Но в пятницу накануне Дня святого Валентина, когда я указала на это матери, она скривилась и выдала очередную бесполезную фразочку:
— Джой, жизнь слишком коротка.
Мне хотелось спросить: «Слишком коротка для чего?», но раздался школьный звонок. Его было слышно даже сквозь закрытые окна машины. Мама сунула мне в руку двадцать долларов. «Просто подари всем немного счастья», — попросила она и попыталась меня обнять, но я отодвинулась на край сиденья. Сунув деньги в карман джинсов, я опустила голову и под трели звонка пошла через игровую площадку.
— Удачного дня! — крикнула вслед мать.
Четырнадцатого февраля, как и в каждый учебный день, будильник зазвонил без пятнадцати шесть. В ванной я потерла ноги и локти «Энергетическим сахарным апельсиновым скрабом», подаренным тетей Элль, затем побрила ноги и подмышки, вымыла волосы выпрямляющим шампунем «Секретный агент» от Джона Карама, нанесла кондиционер из той же серии, включила холодную воду и, дрожа, досчитала до тридцати, чтобы приостановить рост кутикул.
К шести пятнадцати я уже завернулась в полотенце, почистила зубы пастой и нитью, спрыснула волосы выпрямляющим спреем и смазала выпрямляющим кремом. Еще сорок пять минут ушло на возню со щеткой для волос и диффузором. Я бы справилась и быстрее, если бы поменьше оглядывалась на дверь. Мать считает, что мне незачем выпрямлять волосы. По ее мнению, я должна наслаждаться своей природной красотой. В результате я единственная девочка на свете, которая прячет выпрямляющий утюжок под кроватью, словно это непристойный журнал или пистолет.
В семь прическа была готова. Я повесила мокрое полотенце, повторно сполоснула рот и приклеила ежедневную прокладку. До месячных еще неделя, но рисковать не стоит.

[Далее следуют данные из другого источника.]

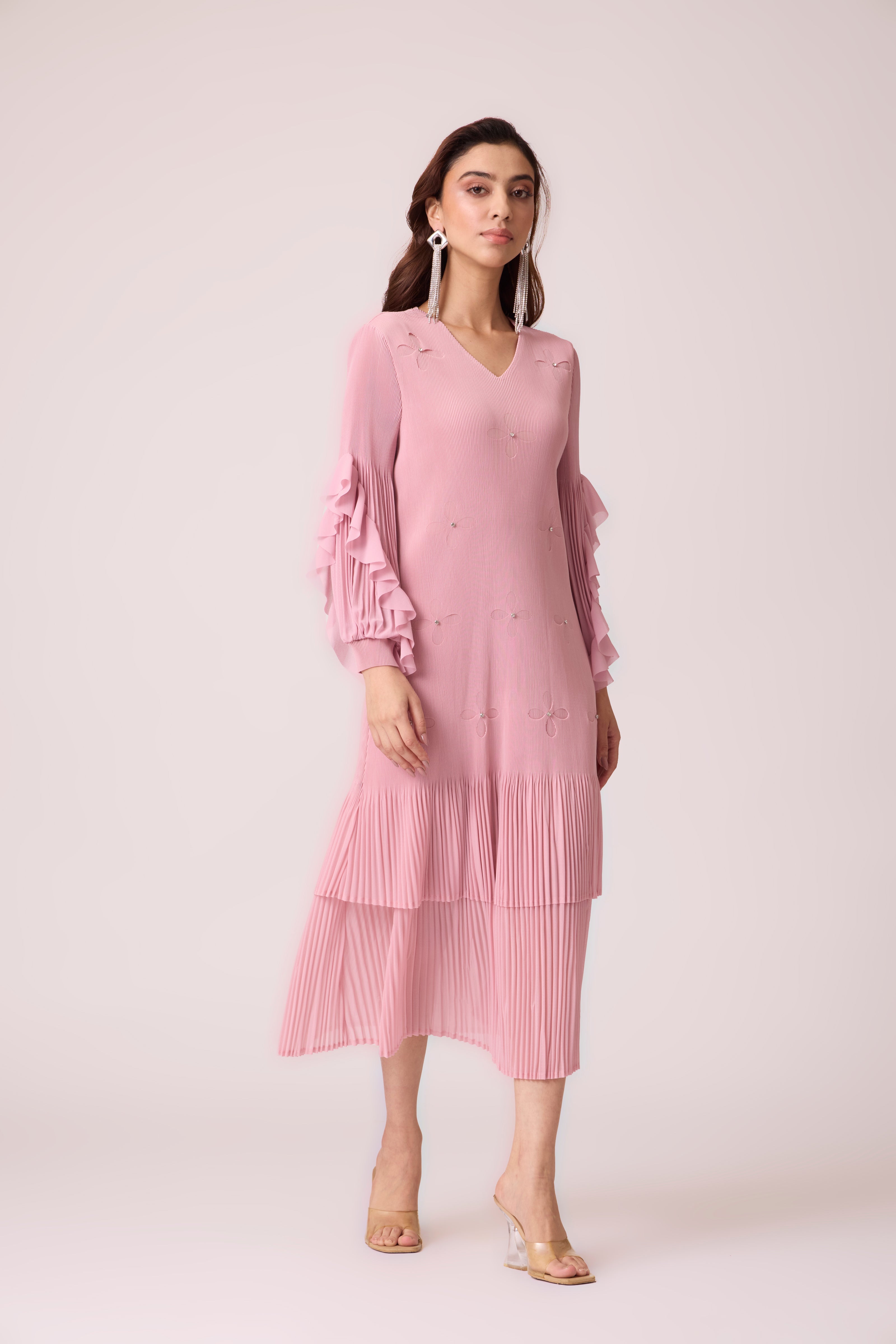 A line dress comprising of a charming waterfall ruffle sleeve, tiered hemline and laser cut self fabric flowers.
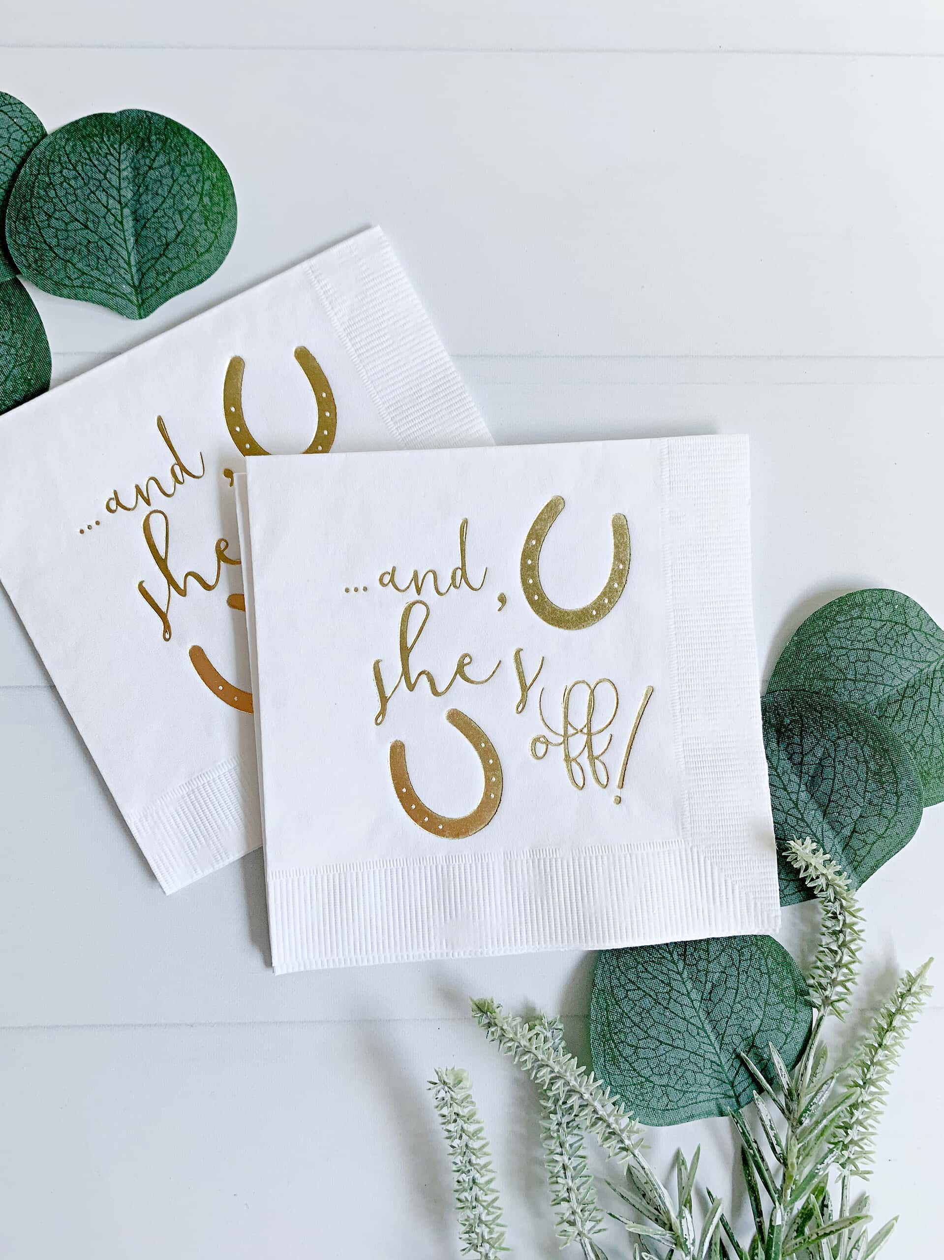If you're throwing a Kentucky Derby party, graduation party, tea party, or bridal shower, EnFete's "And She's Off" gold foil on white cocktail napkins will add a touch of charm to your event. Measuring 4.75 x 4.75 inches when folded, these three-ply tissue napkins are perfect for serving drinks and snacks in style. Our original design features a stunning gold foil stamped "And She's Off!" message on white cocktail-sized napkins, giving your party the perfect finishing touch. Whether it's a birthday celebration, baby shower, engagement party, or wedding shower, these adorable napkins will be the highlight of your event.
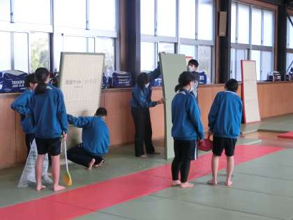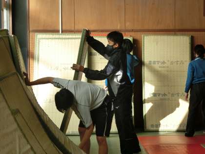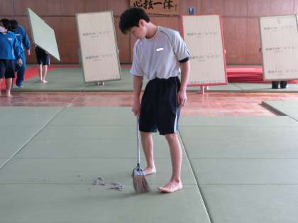柔道部の活動の様子です。今年最後の活動日を迎え、日頃の練習でお世話になっている錬成館の大掃除を行っていました。

Со мной и так не все ладно. Еще не хватало прибежать в медкабинет с чужим свитером вокруг талии. Все будут пялиться, прекрасно понимая, в чем дело.
Я вытерла раковину туалетной бумагой, снова натянула ночную рубашку и забралась в постель. Через пять минут постучалась мать.
— Проснись и пой! — воскликнула она.
Ее волосы были убраны в узел, из которого торчал жидкий хвост. В вырезе папиного банного халата виднелись ее очки.
— Что будешь, яичницу или овсянку?
Я уже год не прикасаюсь к яичнице и овсянке. Мой завтрак — три четверти чашки отрубей с высоким содержанием клетчатки и белка, полчашки обезжиренного органического молока и шесть сырых миндальных орехов. Но мать все равно каждое утро спрашивает, что я буду: яичницу или овсянку.
— Нет, спасибо. Предпочитаю хлопья.
Я отбросила покрывало и направилась в ванную, как будто не провела в ней до этого целый час. Я снова почистила зубы, натянула джинсы, ботинки и розовый свитер, сунула в карман тушь для ресниц и блеск для губ и спустилась на кухню. Мать застыла, держа в руках красный чайник, словно неведомый волшебный артефакт. Я отсчитала миндаль. Она не пошевелилась.
— Мама! — наконец произнесла я.
Она поставила чайник на плиту и включила газ.
— Извини, милая.
Мать села напротив, вздохнула и пригладила растрепанные волосы, однако лучше не стало.
— Я просто задумалась.
— О чем?
Она еще немного потеребила волосы и довольно печально улыбнулась.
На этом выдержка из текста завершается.